# Studying by night — entitled to dole?



## rf75 (26 May 2006)

Hi there, I have been unemployed for the last 2 months and have decided to go back to college at night, would I be able to get the dole. Thanks


----------



## elcato (26 May 2006)

*Re: Student*

Yes as you will be available for work during the day afaik but why not ask them next time you sign on.


----------



## jammacjam (26 May 2006)

*Re: Student*

I think you have to be on the dole for 6 months and then you are allowed to keep your dole and be in full time education but if its at night you should be still available for work so I dont see why not.


----------



## DrMoriarty (26 May 2006)

*Re: Studying by night — entitled to dole?*

Welcome to AAM, rf75. I've given your thread a more meaningful title — as suggested in the , ahem!  

It's not covered specifically on the relevant  page, but my hunch would be that elcato and jammacjam are right. If you're unemployed for six months before you begin your studies, you could be eligible for a full-time VTOS course, which would bring added benefits and allocations — but I don't know if that's the kind of study you have in mind...?


----------



## Ruth (27 May 2006)

*Re: Studying by night — entitled to dole?*



			
				rf75 said:
			
		

> Hi there, I have been unemployed for the last 2 months and have decided to go back to college at night, *would* I be able to get the dole. Thanks


 
Have you not signed on? If not - do so immediately.
If in receipt of UA - the Jobs Facilitator in your local DSCFA might agree to part funding your night course.
If you are to qualify for UB you won't qualify for any further education allowances.

hth
Ruth


----------



## z102 (28 May 2006)

What's about "the 13 and a half lives of Captain Bluebear" for the beginning? ISBN 0-099-28532-0
Prof. Nightingale's noctural university is open to everyone. My regards to Qwerty....(smiley).


----------



## ZEGAR (29 May 2006)

*Re: Studying by night — entitled to dole?*

Are you entitled to claim unemployment assistance/stamps if you give up work as opposed to getting let go or fired ??


----------



## elcato (29 May 2006)

*Re: Studying by night — entitled to dole?*



> Are you entitled to claim unemployment assistance/stamps if you give up work as opposed to getting let go or fired ??
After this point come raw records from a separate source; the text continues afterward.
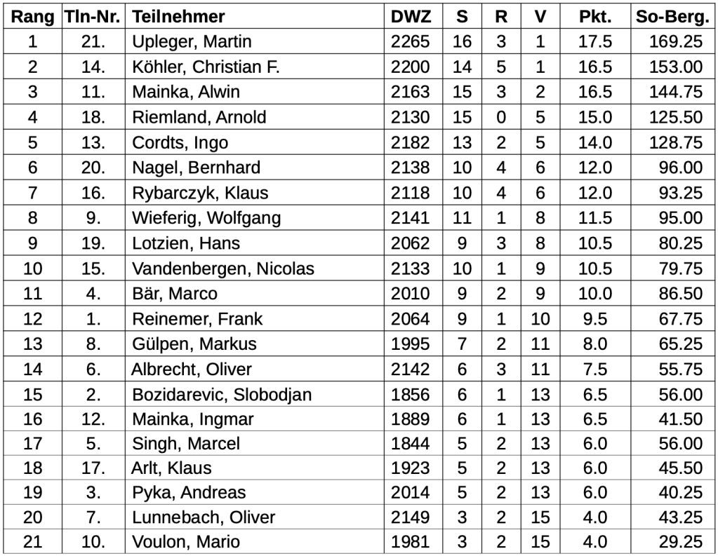 Martin Upleger von den Rheinbacher SF hat die Blitz-Einzelmeisterschaft 2023/24 im Schachverband Mittelrhein gewonnen. In dem am 2.3. beim SC „Schachuzipus“ in Köln-Mülheim ausgespielten Turnier erzielte er 17.5 Punkte aus 20 Runden (16 Siege, 3 Remis). Als Zweiter kam Christian Köhler vom Godesberger SK ins Ziel. Mit 16.5 Punkte (14 Siege, 5 Remis) lag er gleichauf, aber in der Zweitwertung vor Alwin Mainka (Arminia Eilendorf). Ebenfalls für die NRW-Blitz-Einzelmeisterschaft qualifizierte sich noch der Viertplatzierte Arnold Riemland von der SG Kalker/Deutzer.
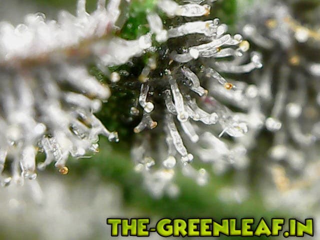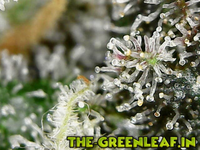 Eine Dame ist richtig blau geworden. Von dieser habe ich heute eine kleinen Bud aus der Mitte genommen und mal Fotos von den Trichomen gemacht.
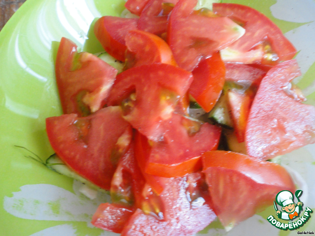 Свежий огурец (пардон, не сфоткала). Помидор.
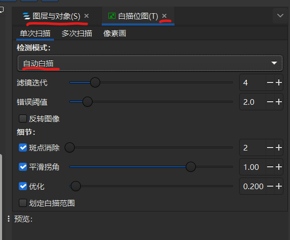 在右侧弹出的面板【检测模式】选自动白描,点最下面的【应用】。

There is a waiting period if you left on your own accord which I think is about 3 months before you can claim UB.


----------



## lff12 (29 May 2006)

*Re: Studying by night — entitled to dole?*



			
				ZEGAR said:
			
		

> Are you entitled to claim unemployment assistance/stamps if you give up work as opposed to getting let go or fired ??


 
Not immediately and they can theoretically refuse you then on the grounds that you aren't looking for work.


----------



## Kiddo (26 Jun 2006)

*Re: Studying by night — entitled to dole?*



			
				ZEGAR said:
			
		

> Are you entitled to claim unemployment assistance/stamps if you give up work as opposed to getting let go or fired ??


 
It depends on the circumstances. I left my job in April and got Unemployment benefit without any delay. AFAIK the deciding officer will contact your employer to verify the reasons you have given as to why you left the job.


----------



## lff12 (29 Jun 2006)

*Re: Studying by night — entitled to dole?*

Yes.
Theoretically you probably should be available for evening/shift work, but the irish civil service is so hopelessly out of touch with reality that I don't think you'd have a problem with this.

AFAIK only full time courses pass on details to social welfare regarding who is a full time student.  Night courses are considered part time and so don't count.
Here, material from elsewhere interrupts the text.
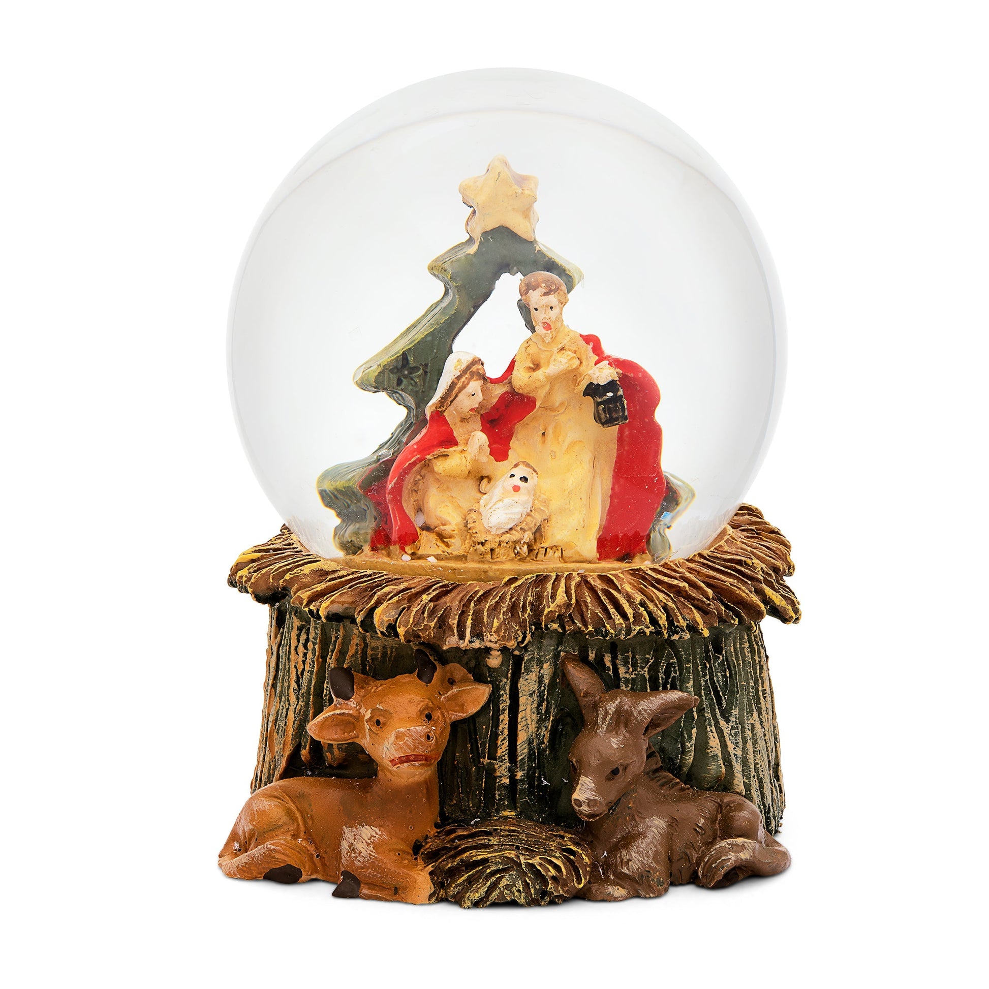 Globo De Nieve Con Belén Y Árbol De Navidad De Resina

Besides its unreasonable to expect somebody to automatically work nights - some people may have no means of transport to get home safely and many of these night shifts actually end during the hours 11pm-7am when in most parts of Ireland there is no public transport at all.


----------



## Thrifty (29 Jun 2006)

Another point is that work on Sundays usually doesn't count either. AFIK you can earn what you lie and still get your full benefit.


----------